Very, very belated update here, but I'm currently making more song-like material as Silence and Secrecy. It's similarly ambitious and conceptual to my earlier sound collage work, but maybe a bit more approachable... although I must emphasise "a bit" there.

My most recent should be of interest to my fellow Ligottians. It's called The Eye of the Storm and it's basically a longer song (and brief introductory intermezzo) about the sort of mood where weird fiction and life become entirely interchangeable—replete with little nods to the likes of "The Spectacles in the Drawer" and "In the Shadow of Another World" and a direct shout-out to "Miss Plarr" near the end. Die Alone is something of a double album (or digital C-90, really) covering much more ground but ultimately rooted in the themes of love, death, and the sort of morbid eroticism and corrupt romanticism that often links the two. There are yet more literary nods and themes, some also Ligotti-adjacent, others a bit closer to the mainstream. But again, only that littlest bit.
 
It's good to be back now and again. I just find that I have little to contribute much of the time, maugre the occasional observation.

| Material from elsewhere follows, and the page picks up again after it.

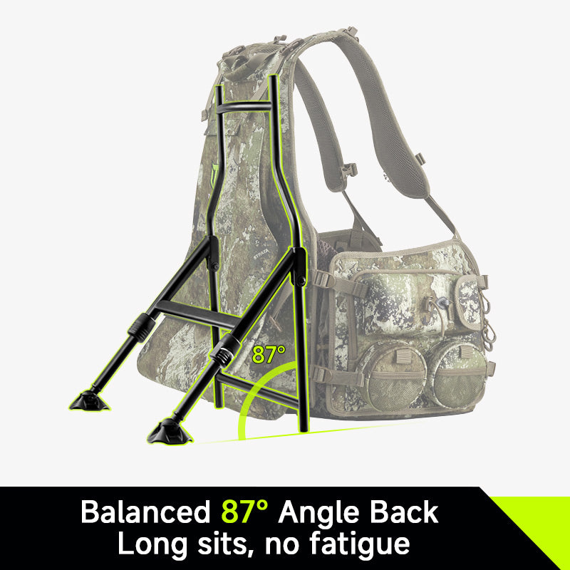 Durability and Stealth: Made with tear-resistant 600D fabric, reinforced with double stitching and PVC synthetic leather in high-wear areas, the StrutBack is built to withstand the elements. Its silent fabric and camo design provide the perfect balance of durability and concealment in the field.

But I might make more of a presence of myself here again henceforth, should I find something worthwhile to say.

...it's odd to realise, come to think of it, how much Ligotti has been an influence on my work in the long run; and more curiously, how the music I encountered through this site has come to define what I do now. I definitely have you and Dr. Bantham to thank for my current path, on some level. It is much appreciated.